PROBLEM TO SOLVE = An exact restatement of the entire listing is needed, excluding all images.

DATASET RECORDS Block Start

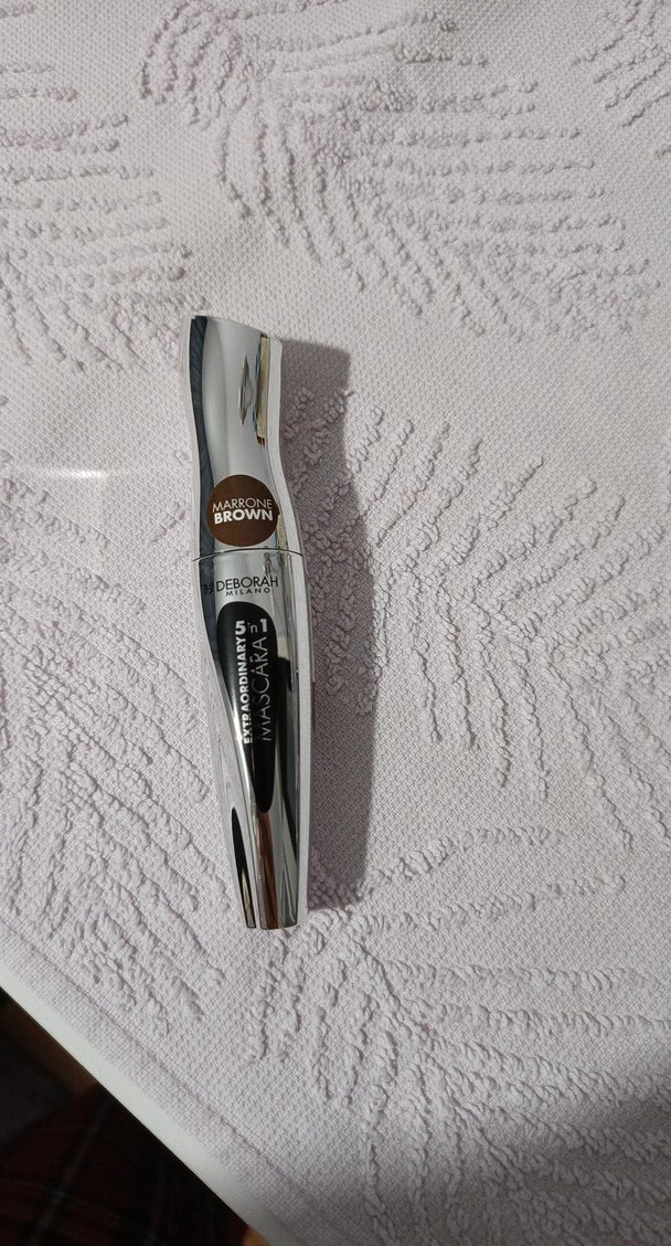 Deborah Milano markasına ait 5'li etkili kahverengi maskara, şık gümüş tüpte sunulmaktadır.
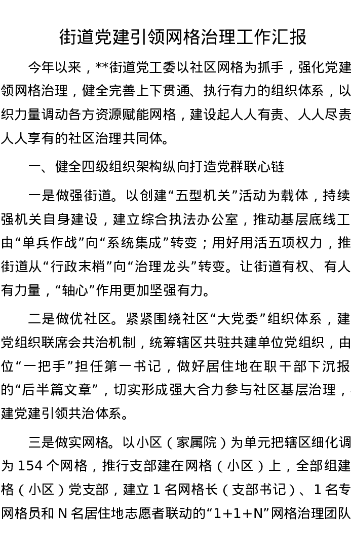 街道党建引领网格治理工作汇报
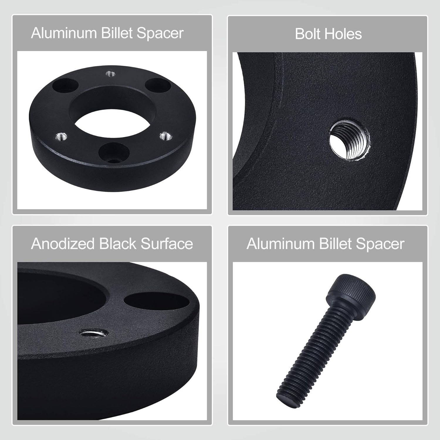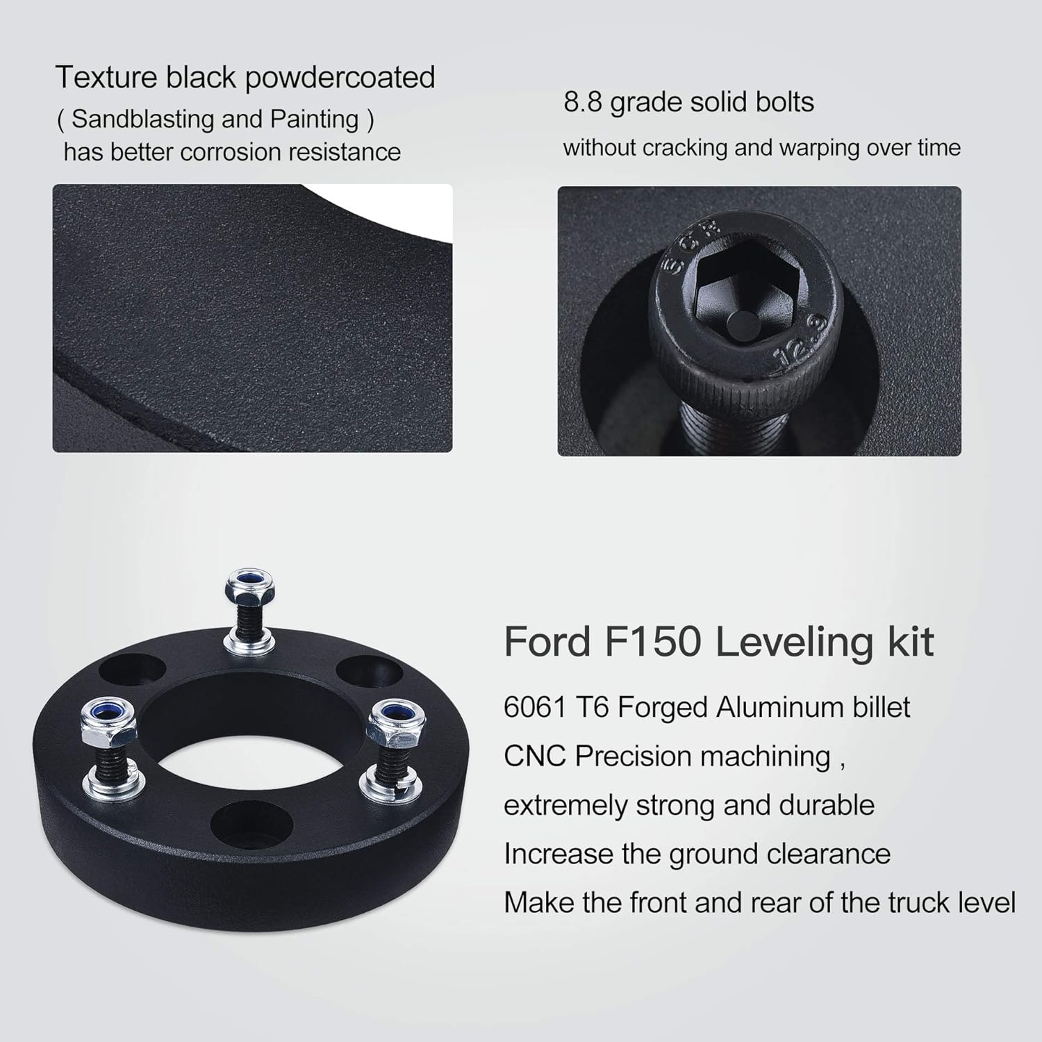 F150 Suspension kit are CNC precision machined out of forged 6061 T6 aluminum, the adapter specially powder black coated for a great look that will offer better corrosion resistance and last the life. 12.9 grade solid bolts extremely strong and durable without compressing or warping over time.
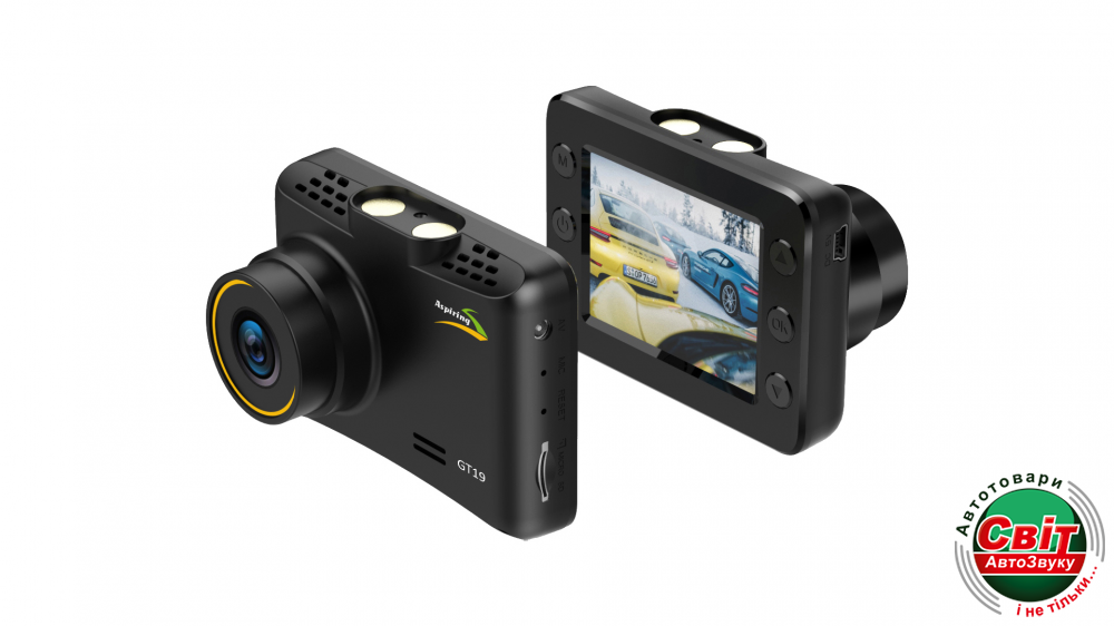 Відеореєстратор Aspiring GT19 FHD (CD20HF7PR6)Aspiring GT19 FHD являє собою простий у використанні відеореєстратор з високою роздільною здатністю, оснащений дисплеєм 2,5". Завдяки широкому куту огляду в 170° забезпечується охоплення всієї дороги. Основною перевагою є його компактність і новітній процесор GP 6248. Ви можете бути повністю впевнені, що Aspiring GT19 FHD запише відео відмінної якості і за яскравого світла, і за низького рівня освітленості. Закріпіть камеру на лобовому склі та записуйте вашу поїздку з роздільною здатністю FullHD 1080p. Пристрій веде безперервний запис на карту пам'яті microSD (прилад приймає карти до 64 GB, купуються окремо, потрібен Сlass 10). Відзнятий відеоматеріал можна переглянути безпосередньо на дисплеї відеореєстратора або пізніше на комп'ютері.
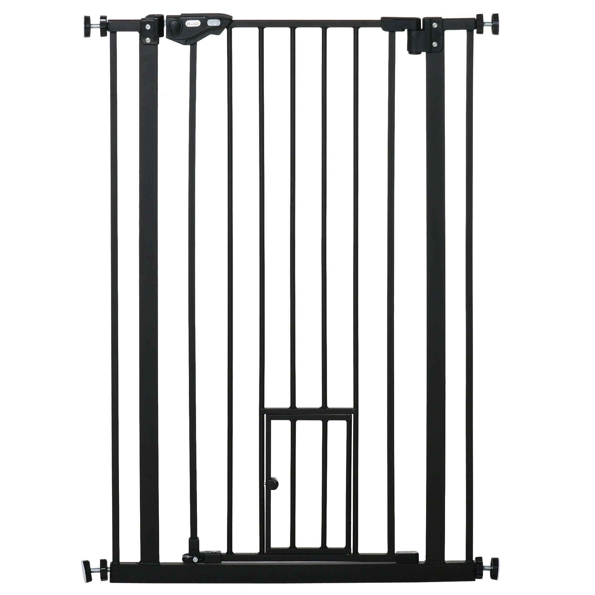 Cette barrière de protection est idéale pour portes et escalier d'une largeur comprise entre 74 et 80 cm. Elle vous permettra d'offrir un maximum de sécurité pour votre animal. Cette barrière de protection en acier se fixe par simple pression entre les cloisons ou encadrement de porte. Aucun perçage ni vissage requis. À noter que cette barrière de sécurité est équipée de 2 portes verrouillables (une grande, une petite) adaptées pour chien et chat.
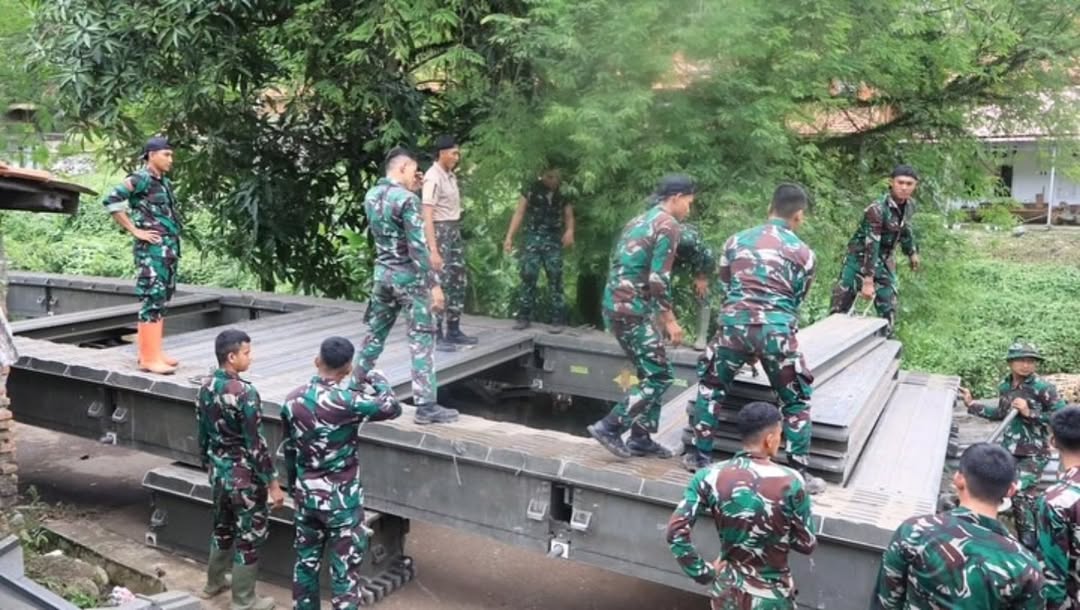 Karawang – Prajurit Yonzipur 9 Kostrad berhasil melaksanakan pemasangan jembatan Modular General Bridge (MGB) di wilayah Sanggabuana, Karawang, untuk memulihkan akses jalan yang tertutup akibat tanah longsor pasca banjir. Senin (9/12/ 2024).
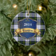 Ornement en céramique de plaid coloré, avec le motif bleu, vert, blanc, noir, et jaune traditionnel de plaid de tartan de robe de Gordon, comme arrière - plan. Les graphiques d'un bouclier bleu et goldtone aiment la plaque, a le texte noir et blanc fait sur commande prêt à personnaliser. Grand ornement de regard d'héritage familial. Fait un grand cadeau ornementer et la décoration pour d'autres usages autour de la maison.
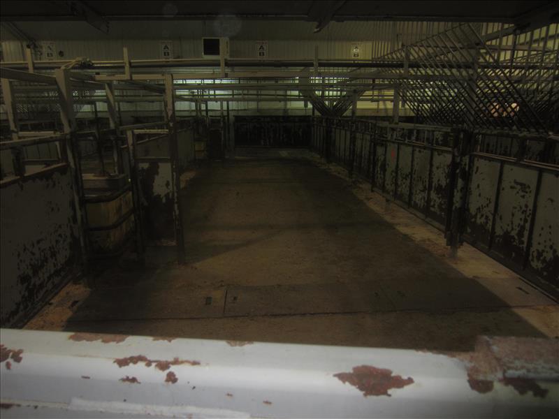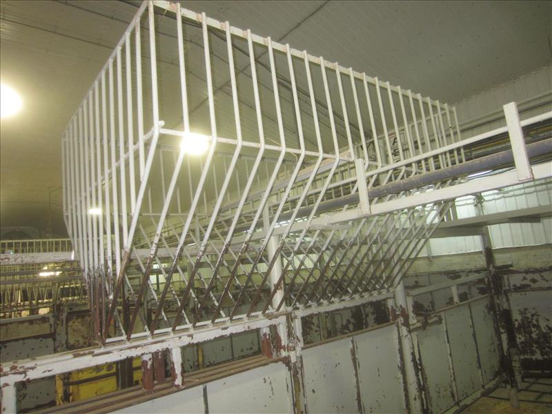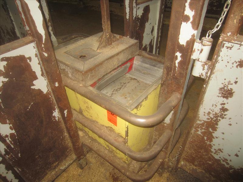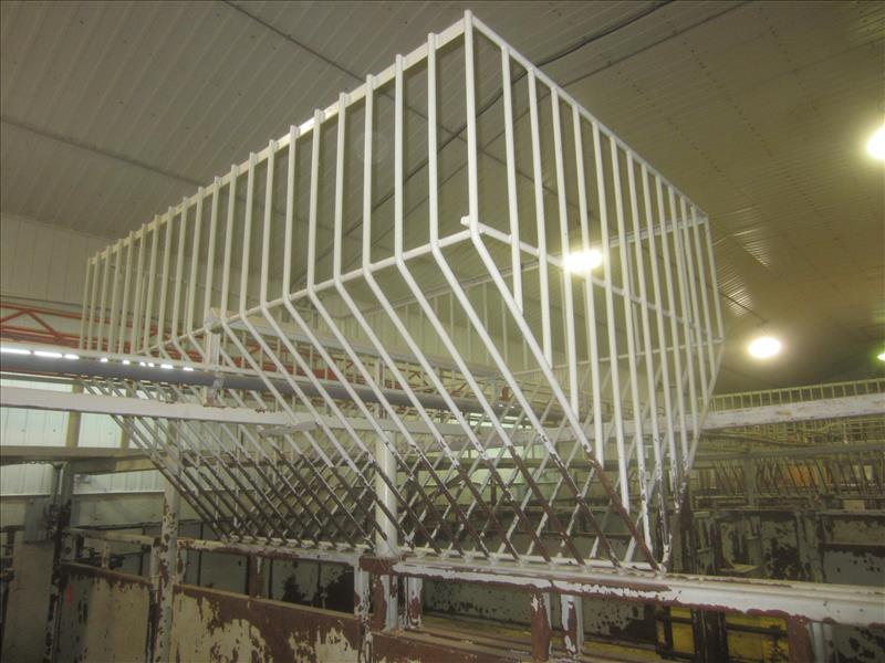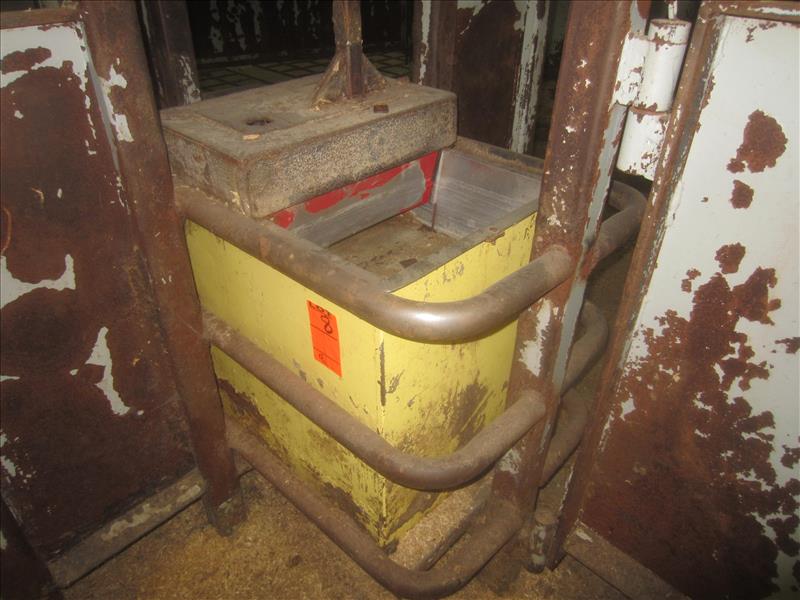 Cattle Pen 28' W X 48' L w/(2) overhead hay bins, (2) Ritchie waterers, (2) end gates & (2) center gates, includes all associated catwalks
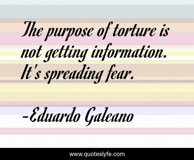 This page presents the quote "The purpose of torture is not getting information. It's spreading fear.". Author of this quote is Eduardo Galeano. This quote is about information, purpose,.
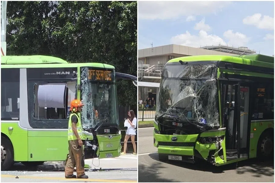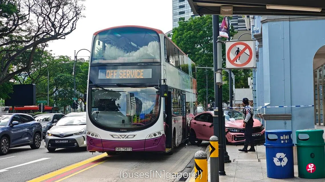 根据脸书页面(buses[IN]gapore!)星期一(3月16日)下午上传的事发照片,一辆粉色汽车看似与一辆新捷运巴士发生擦撞,汽车之后冲上路提,撞上了路旁建筑的柱子。
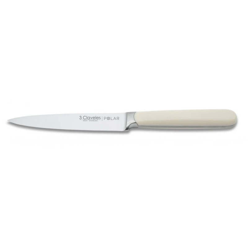 Elegante cuchillo pelador de la serie POLAR de 3 Claveles, forjado en acero 3Cr13, con virola y empuñadura de plástico ABS blanco. Apto para lavavajillas.
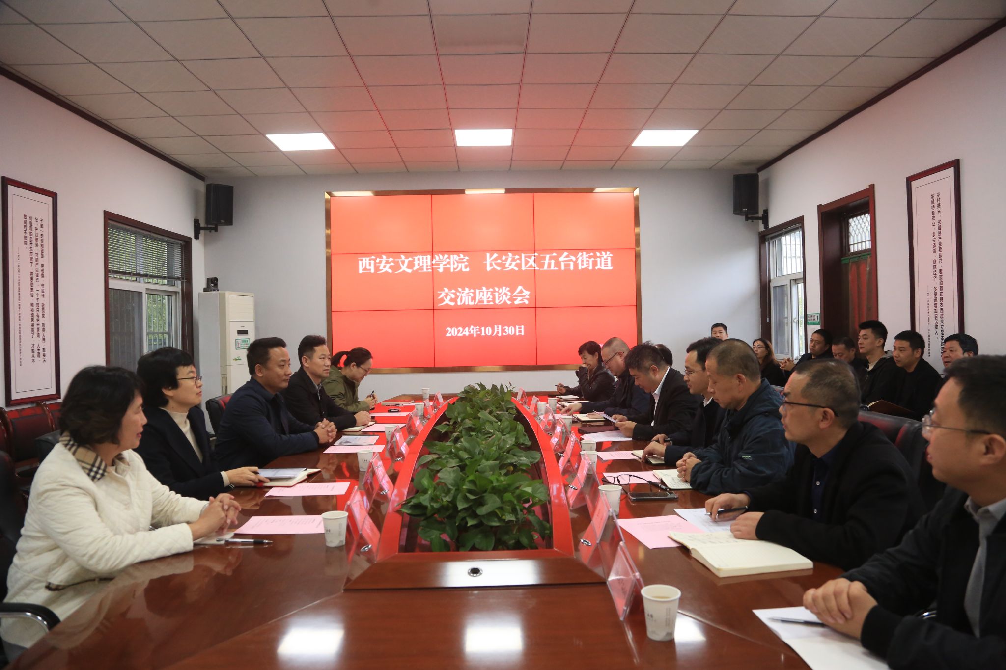 10月30日下午,校党委委员、校务委员鲍锋带队深入基层一线,赴长安区五台街道办事处对接校地合作事宜,详细了解基层对高校实际需求,提供学校服务基层实践路径,进一步深化“最懂西安”办学理念。五台街办党工委书记康鑫、街办主任邢蔚及街办全体领导班子成员,当地村干部、“两代表一委员”和主要企业负责人参加座谈。
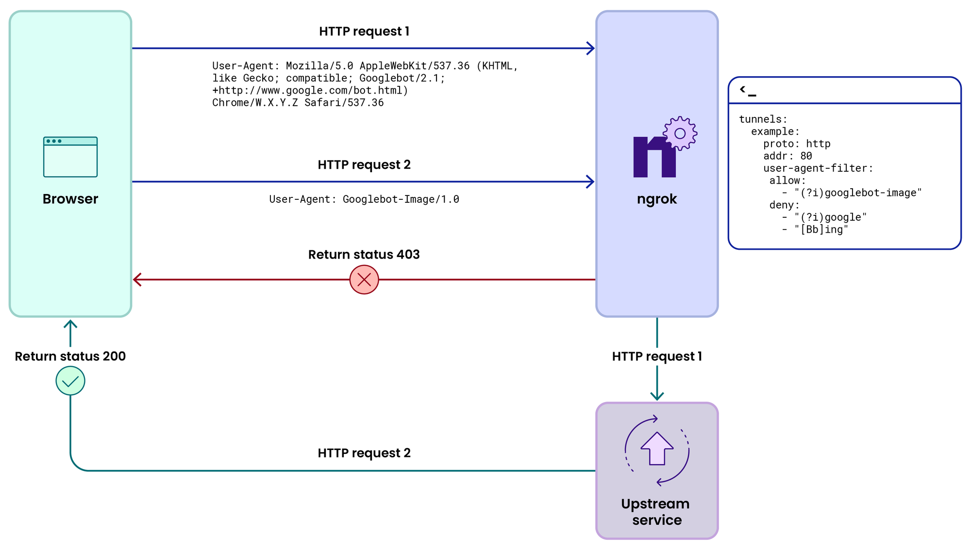 When a request destined for your upstream service arrives in ngrok’s global network, the User Agent Filter module checks the user-agent header against the list of defined allow and deny regular expression rules.
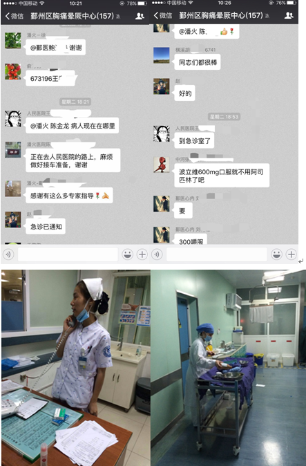 同时,在俞书记和王主任的协调下,整个胸痛中心开始运作起来:首诊医生予阿司匹林、波立维口服,并联系救护车转运,同时联系患者家属;心内科值班医生迅速通知急诊科准备接受病人,并立即赶到急诊科以节省会诊时间;通知介入医生及DSA护士立即到院术前准备。各个环节通过微信平台相互沟通、协调,迅速而有条不紊。
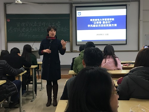 邓艳华副书记主持会议,首先以ppt的形式,图文并茂地阐述了教学评估工作的程序和意义,以及学风建设月的目的和举措,对学院“正青春,励志行”学风建设月活动和即将到来的本科教学工作审核评估再次进行广泛动员,并进行了访谈礼仪的简要培训。
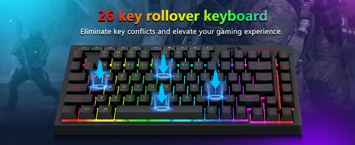 【Juegos cómodos】El soporte plegable del teclado, el revestimiento agradable para la piel y las teclas flotantes aumentan la comodidad al escribir. 26 teclas Anti-ghosting garantiza que se puedan activar todos los botones. La clave WIN se puede desactivar para jugar. Este teclado y mouse están dedicados a brindar una experiencia de juego eficiente y al mismo tiempo garantizar la máxima comodidad.
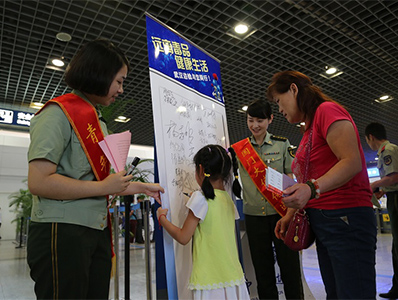官兵發動旅客現場簽名承諾“遠離毒品”

DATASET RECORDS Block End

REPLY =
 Deborah Milano markasına ait 5'li etkili kahverengi maskara, şık gümüş tüpte sunulmaktadır.
 街道党建引领网格治理工作汇报
 F150 Suspension kit are CNC precision machined out of forged 6061 T6 aluminum, the adapter specially powder black coated for a great look that will offer better corrosion resistance and last the life. 12.9 grade solid bolts extremely strong and durable without compressing or warping over time.
 Відеореєстратор Aspiring GT19 FHD (CD20HF7PR6)Aspiring GT19 FHD являє собою простий у використанні відеореєстратор з високою роздільною здатністю, оснащений дисплеєм 2,5". Завдяки широкому куту огляду в 170° забезпечується охоплення всієї дороги. Основною перевагою є його компактність і новітній процесор GP 6248. Ви можете бути повністю впевнені, що Aspiring GT19 FHD запише відео відмінної якості і за яскравого світла, і за низького рівня освітленості. Закріпіть камеру на лобовому склі та записуйте вашу поїздку з роздільною здатністю FullHD 1080p. Пристрій веде безперервний запис на карту пам'яті microSD (прилад приймає карти до 64 GB, купуються окремо, потрібен Сlass 10). Відзнятий відеоматеріал можна переглянути безпосередньо на дисплеї відеореєстратора або пізніше на комп'ютері.
 Cette barrière de protection est idéale pour portes et escalier d'une largeur comprise entre 74 et 80 cm. Elle vous permettra d'offrir un maximum de sécurité pour votre animal. Cette barrière de protection en acier se fixe par simple pression entre les cloisons ou encadrement de porte. Aucun perçage ni vissage requis. À noter que cette barrière de sécurité est équipée de 2 portes verrouillables (une grande, une petite) adaptées pour chien et chat.
 Karawang – Prajurit Yonzipur 9 Kostrad berhasil melaksanakan pemasangan jembatan Modular General Bridge (MGB) di wilayah Sanggabuana, Karawang, untuk memulihkan akses jalan yang tertutup akibat tanah longsor pasca banjir. Senin (9/12/ 2024).
 Ornement en céramique de plaid coloré, avec le motif bleu, vert, blanc, noir, et jaune traditionnel de plaid de tartan de robe de Gordon, comme arrière - plan. Les graphiques d'un bouclier bleu et goldtone aiment la plaque, a le texte noir et blanc fait sur commande prêt à personnaliser. Grand ornement de regard d'héritage familial. Fait un grand cadeau ornementer et la décoration pour d'autres usages autour de la maison.
 Cattle Pen 28' W X 48' L w/(2) overhead hay bins, (2) Ritchie waterers, (2) end gates & (2) center gates, includes all associated catwalks
 This page presents the quote "The purpose of torture is not getting information. It's spreading fear.". Author of this quote is Eduardo Galeano. This quote is about information, purpose,.
 根据脸书页面(buses[IN]gapore!)星期一(3月16日)下午上传的事发照片,一辆粉色汽车看似与一辆新捷运巴士发生擦撞,汽车之后冲上路提,撞上了路旁建筑的柱子。
 Elegante cuchillo pelador de la serie POLAR de 3 Claveles, forjado en acero 3Cr13, con virola y empuñadura de plástico ABS blanco. Apto para lavavajillas.
 10月30日下午,校党委委员、校务委员鲍锋带队深入基层一线,赴长安区五台街道办事处对接校地合作事宜,详细了解基层对高校实际需求,提供学校服务基层实践路径,进一步深化“最懂西安”办学理念。五台街办党工委书记康鑫、街办主任邢蔚及街办全体领导班子成员,当地村干部、“两代表一委员”和主要企业负责人参加座谈。
 When a request destined for your upstream service arrives in ngrok’s global network, the User Agent Filter module checks the user-agent header against the list of defined allow and deny regular expression rules.
 同时,在俞书记和王主任的协调下,整个胸痛中心开始运作起来:首诊医生予阿司匹林、波立维口服,并联系救护车转运,同时联系患者家属;心内科值班医生迅速通知急诊科准备接受病人,并立即赶到急诊科以节省会诊时间;通知介入医生及DSA护士立即到院术前准备。各个环节通过微信平台相互沟通、协调,迅速而有条不紊。
 邓艳华副书记主持会议,首先以ppt的形式,图文并茂地阐述了教学评估工作的程序和意义,以及学风建设月的目的和举措,对学院“正青春,励志行”学风建设月活动和即将到来的本科教学工作审核评估再次进行广泛动员,并进行了访谈礼仪的简要培训。
 【Juegos cómodos】El soporte plegable del teclado, el revestimiento agradable para la piel y las teclas flotantes aumentan la comodidad al escribir. 26 teclas Anti-ghosting garantiza que se puedan activar todos los botones. La clave WIN se puede desactivar para jugar. Este teclado y mouse están dedicados a brindar una experiencia de juego eficiente y al mismo tiempo garantizar la máxima comodidad.
官兵發動旅客現場簽名承諾“遠離毒品”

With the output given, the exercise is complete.